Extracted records
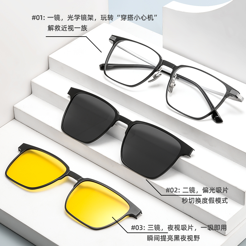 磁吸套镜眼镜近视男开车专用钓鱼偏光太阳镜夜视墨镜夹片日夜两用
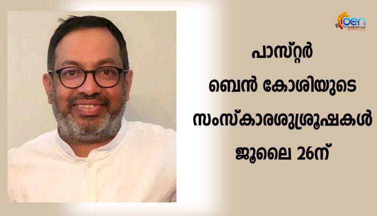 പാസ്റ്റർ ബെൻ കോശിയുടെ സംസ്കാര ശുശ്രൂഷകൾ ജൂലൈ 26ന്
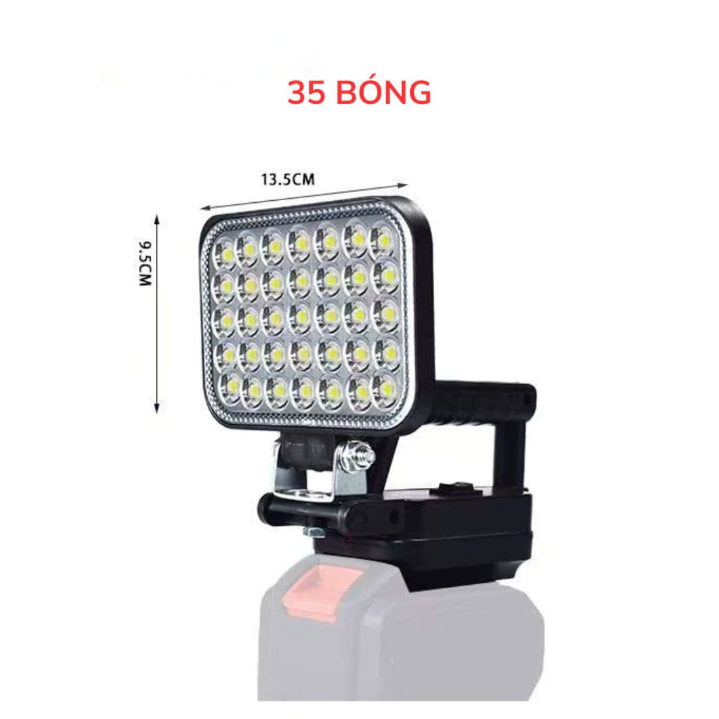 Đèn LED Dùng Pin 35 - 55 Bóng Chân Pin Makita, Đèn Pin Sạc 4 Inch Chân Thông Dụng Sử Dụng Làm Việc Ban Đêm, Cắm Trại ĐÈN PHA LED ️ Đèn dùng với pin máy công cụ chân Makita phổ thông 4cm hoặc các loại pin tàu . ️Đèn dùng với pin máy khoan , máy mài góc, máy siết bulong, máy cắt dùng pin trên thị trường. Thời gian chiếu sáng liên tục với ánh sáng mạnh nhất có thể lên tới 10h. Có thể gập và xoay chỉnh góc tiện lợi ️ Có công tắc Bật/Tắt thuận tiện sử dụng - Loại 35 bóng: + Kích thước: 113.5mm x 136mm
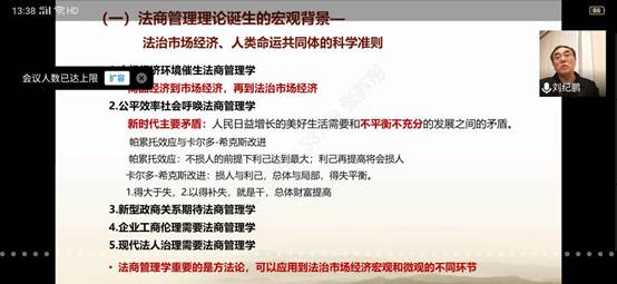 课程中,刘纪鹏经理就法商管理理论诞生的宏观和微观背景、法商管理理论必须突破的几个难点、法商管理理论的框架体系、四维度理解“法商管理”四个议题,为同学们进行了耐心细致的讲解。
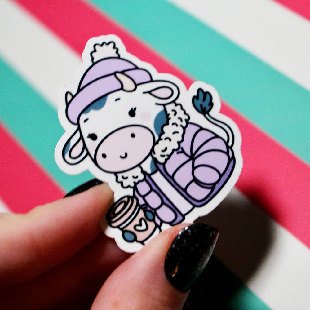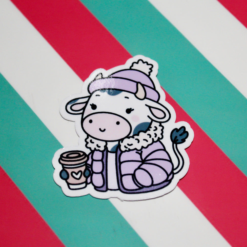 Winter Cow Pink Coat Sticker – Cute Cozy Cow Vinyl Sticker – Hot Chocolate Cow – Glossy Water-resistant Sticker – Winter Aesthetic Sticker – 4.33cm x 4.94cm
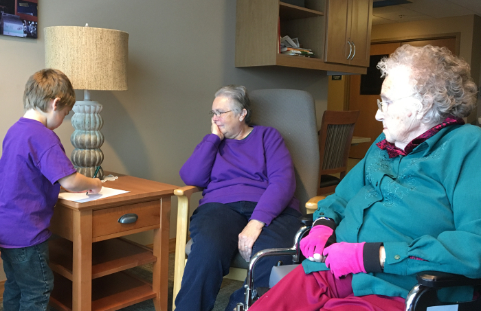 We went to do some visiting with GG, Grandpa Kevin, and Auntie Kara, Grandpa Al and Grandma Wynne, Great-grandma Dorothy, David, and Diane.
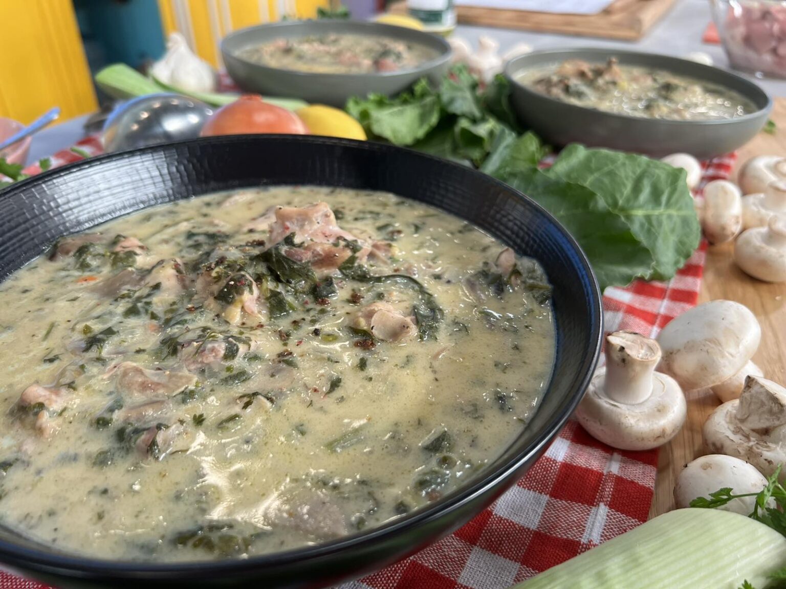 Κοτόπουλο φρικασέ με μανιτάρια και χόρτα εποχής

_Exercise objective_. In your copy, exclude the pictures and repeat each entry above exactly.

_Finished task_.
 磁吸套镜眼镜近视男开车专用钓鱼偏光太阳镜夜视墨镜夹片日夜两用
 പാസ്റ്റർ ബെൻ കോശിയുടെ സംസ്കാര ശുശ്രൂഷകൾ ജൂലൈ 26ന്
 Đèn LED Dùng Pin 35 - 55 Bóng Chân Pin Makita, Đèn Pin Sạc 4 Inch Chân Thông Dụng Sử Dụng Làm Việc Ban Đêm, Cắm Trại ĐÈN PHA LED ️ Đèn dùng với pin máy công cụ chân Makita phổ thông 4cm hoặc các loại pin tàu . ️Đèn dùng với pin máy khoan , máy mài góc, máy siết bulong, máy cắt dùng pin trên thị trường. Thời gian chiếu sáng liên tục với ánh sáng mạnh nhất có thể lên tới 10h. Có thể gập và xoay chỉnh góc tiện lợi ️ Có công tắc Bật/Tắt thuận tiện sử dụng - Loại 35 bóng: + Kích thước: 113.5mm x 136mm
 课程中,刘纪鹏经理就法商管理理论诞生的宏观和微观背景、法商管理理论必须突破的几个难点、法商管理理论的框架体系、四维度理解“法商管理”四个议题,为同学们进行了耐心细致的讲解。
 Winter Cow Pink Coat Sticker – Cute Cozy Cow Vinyl Sticker – Hot Chocolate Cow – Glossy Water-resistant Sticker – Winter Aesthetic Sticker – 4.33cm x 4.94cm
 We went to do some visiting with GG, Grandpa Kevin, and Auntie Kara, Grandpa Al and Grandma Wynne, Great-grandma Dorothy, David, and Diane.
 Κοτόπουλο φρικασέ με μανιτάρια και χόρτα εποχής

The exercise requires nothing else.